### What you will do:
Nothing in the records may be altered, and no picture may be included. Restate them in full.

[[ Provided records open ]]

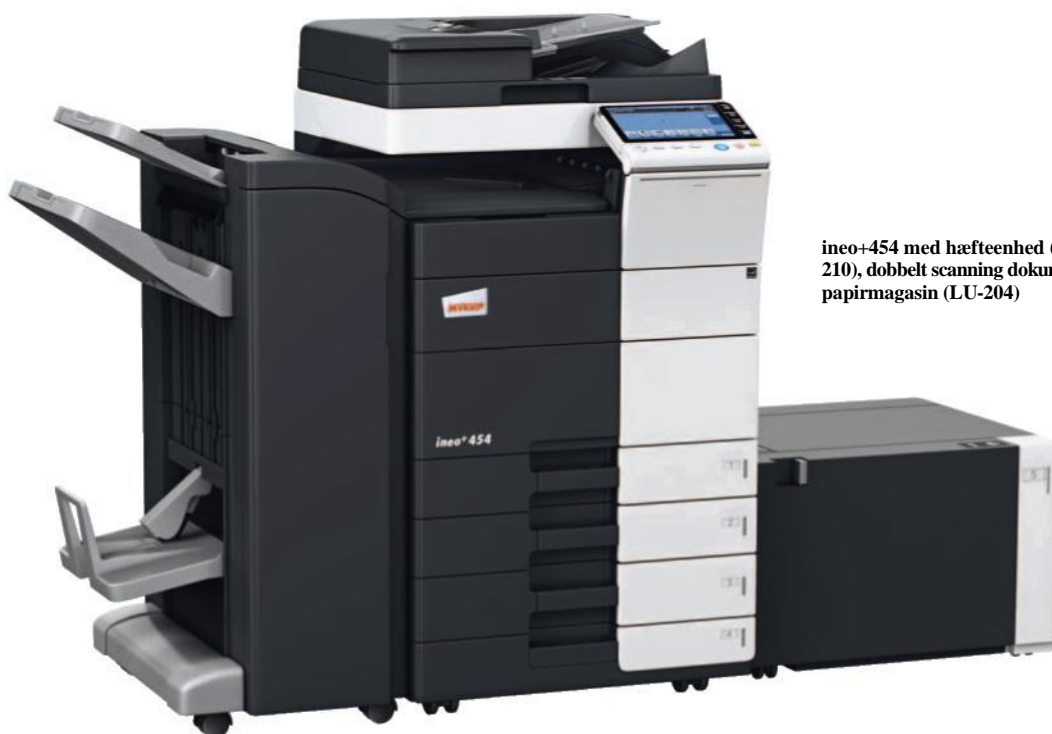
ineo+454 med hæfteenhed (FS-534), saddle kit (SD-511), arkføder (PC-210), dobbelt scanning dokumentfremfører (DF-701), og stort side papirmagasin (LU-204)

Den 9-tommers ”touchscreen” har velkendte funktioner som ”træk & slip”, og takket være en ny menu navigations struktur, kan man se alle funktioner på én gang, og vælg de ønskede indstillinger med blot nogle få klik. Ofte anvendte funktioner kan blive siddende på start-skærmen, og dem, du ikke bruger simpelthen fjernet. Det er den slags tilpasning, der vil spare jer masser af tid.
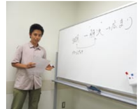
あやこcafeで自分の思いを発表
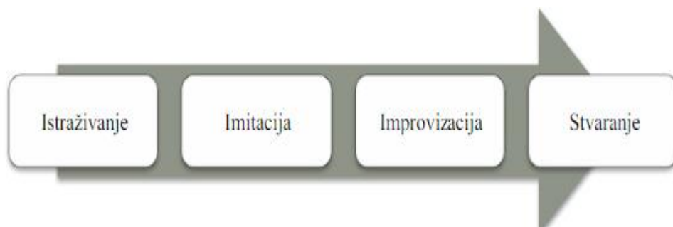
Slika 2. Faze dječjega glazbenoga razvoja u koncepciji Orff Schulwerk

Kao temelj glazbenog razvoja kod djece uzima se osjećaj za ritam koji se usvaja upravo izvedbom i nesputanom improvizacijom ritma na raznim udaraljka. To istraživanje zvuka i pokreta je prva faza glazbenog razvoja nakon koje slijedi faza imitacije. U toj fazi djeca razvijaju vlastite ritamske vještine ritmiziranim govorom, uporabom tijela kao instrumenta (pucketanje prstima, pljeskanje i sl.), slobodnim ili ritmiziranim tjelesnim pokretom u prostoru, pjevanjem te sviranjem instrumenata. Treća faza obilježena je improvizacijom u kojoj su djeca već samostalna i sposobna kreirati nove obrasce te ih kombinirati i integrirati u grupne aktivnosti. Zadnju fazu čini spoj usvojenih vještina iz prethodnih faza koje rezultiraju dječjim stvaralaštvom tako da se stvaraju nove male forme poput rondo, teme s varijacijama ili manjih suita (Svalina, 2010, prema Shamrock, 1997).
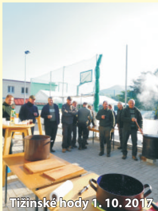
Tižinské hody 1. 10. 2017
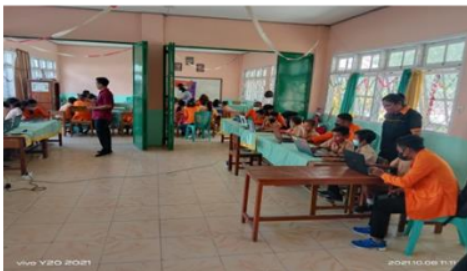
Gambar 1. Metode BYOD yang diterapkan pada SDK Maumere 2

rangi biaya sekolah, menghemat anggaran dalam pengadaan perangkat keras, perangkat lunak, dan dapat meningkatkan mobilitas, fleksibilitas, produktivitas dan kepuasan siswa dalam pembelajaran. Penerapan BYOD ini diterapkan oleh mahasiswa dan Dosen Fakultas Teknik dengan membawa sendiri perangkat elektronik yang kemudian dimanfaatkan oleh setiap siswa SDK Maumere 2. Selain membawa, setiap dosen dan mahasiswa langsung bertugas memberikan pengajaran perihal cara menggunakan perangkat komputer dan mampu mengoperasikannya dengan baik.
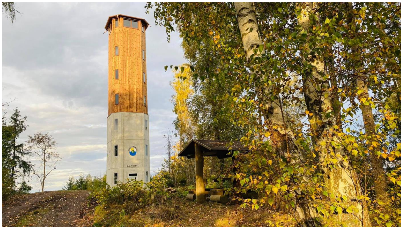
Foto: Nová rozhledna v regionu vyrostla na Javornické hůře.

Koncem měsíce listopadu otevřela své dveře rozhledna na Javornické hůře – Kalamajka. Cesta k rozhledně není tak náročná jako ta na Blaník a nabízí pohled na všechny světové strany do krajiny vzdálené několik desítek kilometrů.
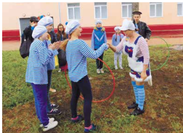
Режим работы площадок с 14.00 до 18.00

мени несовершеннолетних по месту жительства. Здесь юные омичи во время летних каникул приобретают новые знания и навыки, общаются со сверстниками, заводят новых друзей. Нынешним летом в округе работают 15 площадок, где ежедневно, по будням с 14.00 до 18.00 представители городского педагогического отряда организуют для детей интересный досуг.
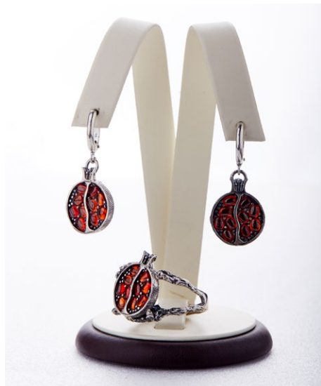
Кольцо 925 Арт: ИС-04 Вес: 10,8 Размер: 21
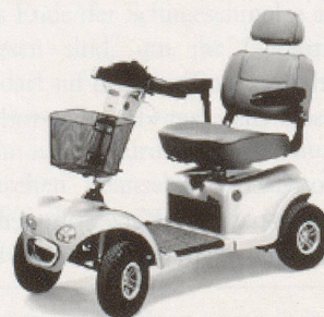
Modell 889-XLS Deluxe

Verlangen Sie Ihr unverbindliches Angebot
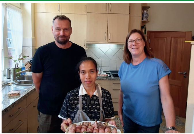
Haus- und Landwirtschaftsbetrieb Halsbenning
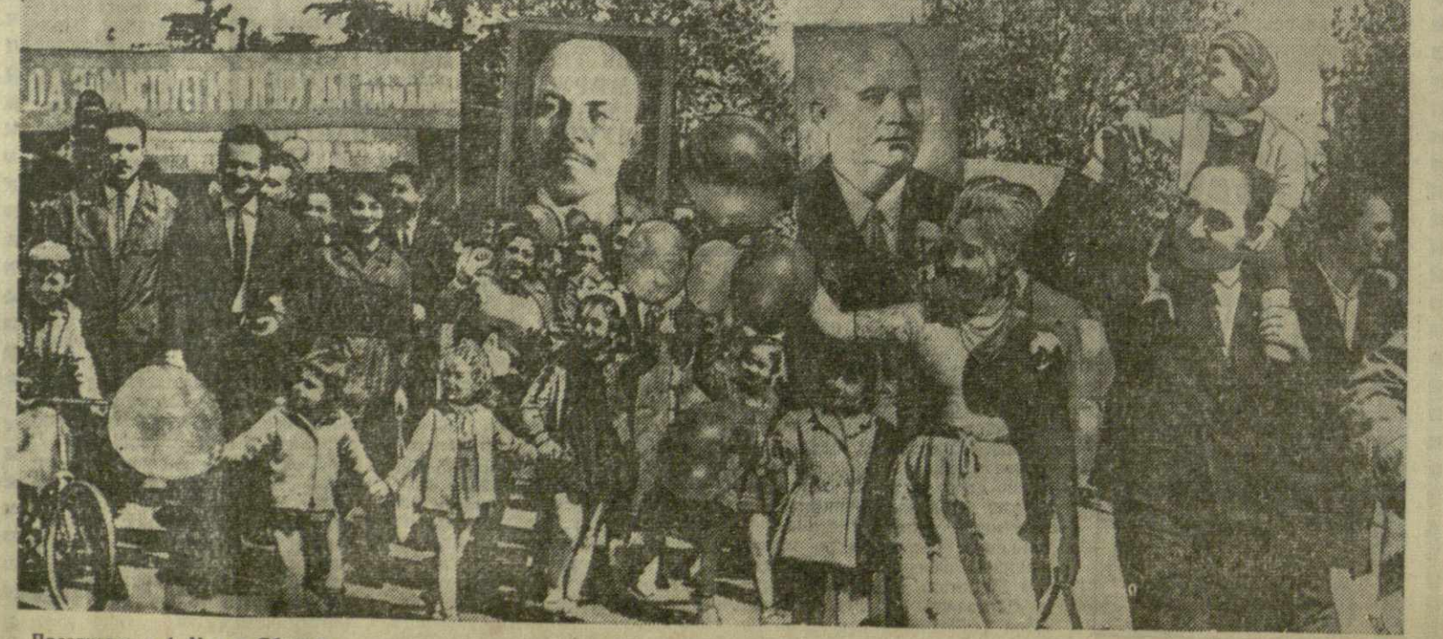
Празднование 1 Мая в Тбилиси. На снимке: колонны демонстрантов на проспекте Руставели.

Центральный Комитет КП Грузии, Совет Министров Грузинской ССР и Совпроф Грузии отметили хорошую работу Махарадзевского, Дуакинского, Ланчхутского, Цхакаевского, Сигнахского, Гегечкорского, Амброладурского, Цхалтубского, Зестафонского и Мажковского производственных управлений по заготовке животноводческих продуктов. (ГрузТАГ).
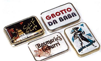
Photo-Pins. Grösse 16x25 mm

Die Fotos werden mit einer Glanzschutzfolie überzogen
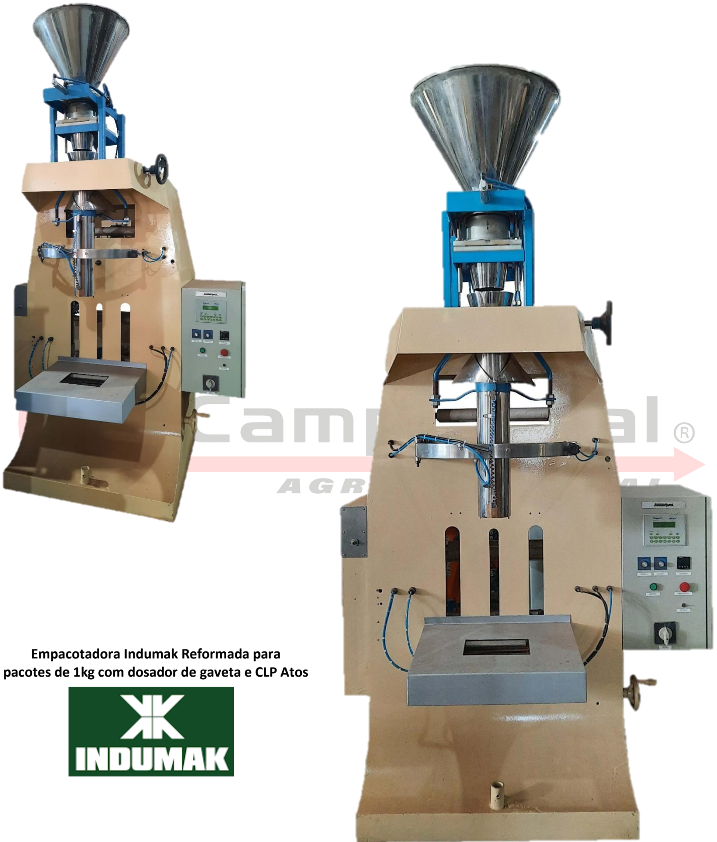
Empacotadora Indumak Reformada para pacotes de 1kg com dosador de gaveta e CLP Atos

[[ Provided records closed ]]

### Response:
ineo+454 med hæfteenhed (FS-534), saddle kit (SD-511), arkføder (PC-210), dobbelt scanning dokumentfremfører (DF-701), og stort side papirmagasin (LU-204)

Den 9-tommers ”touchscreen” har velkendte funktioner som ”træk & slip”, og takket være en ny menu navigations struktur, kan man se alle funktioner på én gang, og vælg de ønskede indstillinger med blot nogle få klik. Ofte anvendte funktioner kan blive siddende på start-skærmen, og dem, du ikke bruger simpelthen fjernet. Det er den slags tilpasning, der vil spare jer masser af tid.
あやこcafeで自分の思いを発表
Slika 2. Faze dječjega glazbenoga razvoja u koncepciji Orff Schulwerk

Kao temelj glazbenog razvoja kod djece uzima se osjećaj za ritam koji se usvaja upravo izvedbom i nesputanom improvizacijom ritma na raznim udaraljka. To istraživanje zvuka i pokreta je prva faza glazbenog razvoja nakon koje slijedi faza imitacije. U toj fazi djeca razvijaju vlastite ritamske vještine ritmiziranim govorom, uporabom tijela kao instrumenta (pucketanje prstima, pljeskanje i sl.), slobodnim ili ritmiziranim tjelesnim pokretom u prostoru, pjevanjem te sviranjem instrumenata. Treća faza obilježena je improvizacijom u kojoj su djeca već samostalna i sposobna kreirati nove obrasce te ih kombinirati i integrirati u grupne aktivnosti. Zadnju fazu čini spoj usvojenih vještina iz prethodnih faza koje rezultiraju dječjim stvaralaštvom tako da se stvaraju nove male forme poput rondo, teme s varijacijama ili manjih suita (Svalina, 2010, prema Shamrock, 1997).
Tižinské hody 1. 10. 2017
Gambar 1. Metode BYOD yang diterapkan pada SDK Maumere 2

rangi biaya sekolah, menghemat anggaran dalam pengadaan perangkat keras, perangkat lunak, dan dapat meningkatkan mobilitas, fleksibilitas, produktivitas dan kepuasan siswa dalam pembelajaran. Penerapan BYOD ini diterapkan oleh mahasiswa dan Dosen Fakultas Teknik dengan membawa sendiri perangkat elektronik yang kemudian dimanfaatkan oleh setiap siswa SDK Maumere 2. Selain membawa, setiap dosen dan mahasiswa langsung bertugas memberikan pengajaran perihal cara menggunakan perangkat komputer dan mampu mengoperasikannya dengan baik.
Foto: Nová rozhledna v regionu vyrostla na Javornické hůře.

Koncem měsíce listopadu otevřela své dveře rozhledna na Javornické hůře – Kalamajka. Cesta k rozhledně není tak náročná jako ta na Blaník a nabízí pohled na všechny světové strany do krajiny vzdálené několik desítek kilometrů.
Режим работы площадок с 14.00 до 18.00

мени несовершеннолетних по месту жительства. Здесь юные омичи во время летних каникул приобретают новые знания и навыки, общаются со сверстниками, заводят новых друзей. Нынешним летом в округе работают 15 площадок, где ежедневно, по будням с 14.00 до 18.00 представители городского педагогического отряда организуют для детей интересный досуг.
Кольцо 925 Арт: ИС-04 Вес: 10,8 Размер: 21
Modell 889-XLS Deluxe

Verlangen Sie Ihr unverbindliches Angebot
Haus- und Landwirtschaftsbetrieb Halsbenning
Празднование 1 Мая в Тбилиси. На снимке: колонны демонстрантов на проспекте Руставели.

Центральный Комитет КП Грузии, Совет Министров Грузинской ССР и Совпроф Грузии отметили хорошую работу Махарадзевского, Дуакинского, Ланчхутского, Цхакаевского, Сигнахского, Гегечкорского, Амброладурского, Цхалтубского, Зестафонского и Мажковского производственных управлений по заготовке животноводческих продуктов. (ГрузТАГ).
Photo-Pins. Grösse 16x25 mm

Die Fotos werden mit einer Glanzschutzfolie überzogen
Empacotadora Indumak Reformada para pacotes de 1kg com dosador de gaveta e CLP Atos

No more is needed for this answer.